The FDA approval is based on positive data from the Phase 3 DeFi trial, in which Ogsiveo significantly improved progression-free survival (PFS) and objective response rate (ORR), with rapid and sustained improvements in pain, physical functioning and overall quality of life
Ogsiveo is an oral gamma-secretase inhibitor. (Credit: Steve Buissinne from Pixabay)
US-based biopharmaceutical company SpringWorks Therapeutics has received the US Food and Drug Administration (FDA) approval for Ogsiveo (nirogacestat) to treat a rare subtype of soft tissue tumours.
Ogsiveo is an oral, selective, small-molecule gamma-secretase inhibitor indicated for the treatment of adult patients with progressing desmoid tumours who require systemic treatment.
Desmoid tumours are rare, locally aggressive, and invasive tumours of the soft tissues that can be serious and may be life-threatening in certain cases when vital structures are impacted.

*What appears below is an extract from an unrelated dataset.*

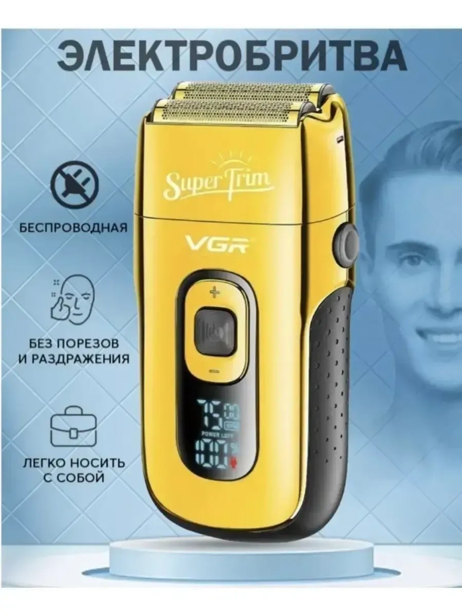 The VGR electric razor is designed for effective hair/stubble removal on the face and body. The waterproof housing of the VGR V-332 razor for men allows you to wash the blades under water, which greatly simplifies the grooming process. More precise shaving with attachments: • floating mesh head with a double stainless steel blade; • retractable shaving attachment; A high-capacity Li-ion battery provides 150 minutes of cordless operation when fully charged. A full battery charge takes only 2 hours. The device has the ability to automatically adapt to the device from which it is charging. You can view the charge level on the LED indicator. The LED display shows shaving speeds and battery charge information. Stylish design, high-quality materials, decent packaging, An excellent option for a gift! It is an analogue of Panasonic.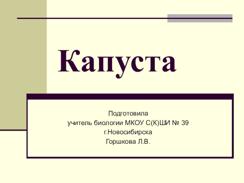 КапустаПодготовила учитель биологии МКОУ С(К)ШИ № 39г.НовосибирскаГоршкова Л.В.

Traditionally, surgical removal of tumours has been the treatment of choice, which is associated with health challenges after removal.
According to the US-based biopharmaceutical company, Ogsiveo is the first FDA-approved treatment for adult patients with desmoid tumours.
The FDA approval of Ogsiveo follows previously granted breakthrough therapy, fast track, and orphan drug designations, for the treatment of desmoid tumours.
SpringWorks CEO Saqib Islam said: “We are pleased with the broad label, which includes all progressing adult patients and specifically references improvement in pain and believe Ogsiveo has the potential to become the new standard of care for people living with these devastating tumours.
“This is a watershed moment for the desmoid tumour community, and we would like to extend our gratitude to the patients, families, investigators, and advocacy groups involved in the journey to making Ogsiveo available in the US.”
The FDA approval of Ogsiveo is supported by the results from the Phase 3 DeFi trial in which 142 adult patients with progressing desmoid tumours who are not eligible for surgery.
In the Phase 3 study, the drug met the primary endpoint of improving progression-free survival (PFS), showing a 71% reduction in the risk of disease progression, compared to placebo.
Ogsiveo also showed a confirmed objective response rate (ORR) of 41% and a complete response rate of 7%, compared to 8% and 0% for placebo, respectively.
The PFS and ORR improvements were regardless of sex, tumour location, tumour focality, treatment status, previous treatments, mutational status, and history of familial polyposis.
The drug also showed improvements in patient-reported outcomes (PROs), including pain, desmoid tumour-specific symptoms, physical functioning, and overall quality of life.
In the Phase 3 DeFi trial, the Ogsiveo showed a manageable safety and tolerability profile.
The most common adverse events include diarrhoea, ovarian toxicity, rash, nausea, fatigue, stomatitis, headache, abdominal pain, cough, alopecia, upper respiratory tract infection, and dyspnoea.
Furthermore, SpringWorks is evaluating Ogsiveo as a potential treatment for ovarian granulosa cell tumours and multiple myeloma as part of several BCMA combination therapy regimens.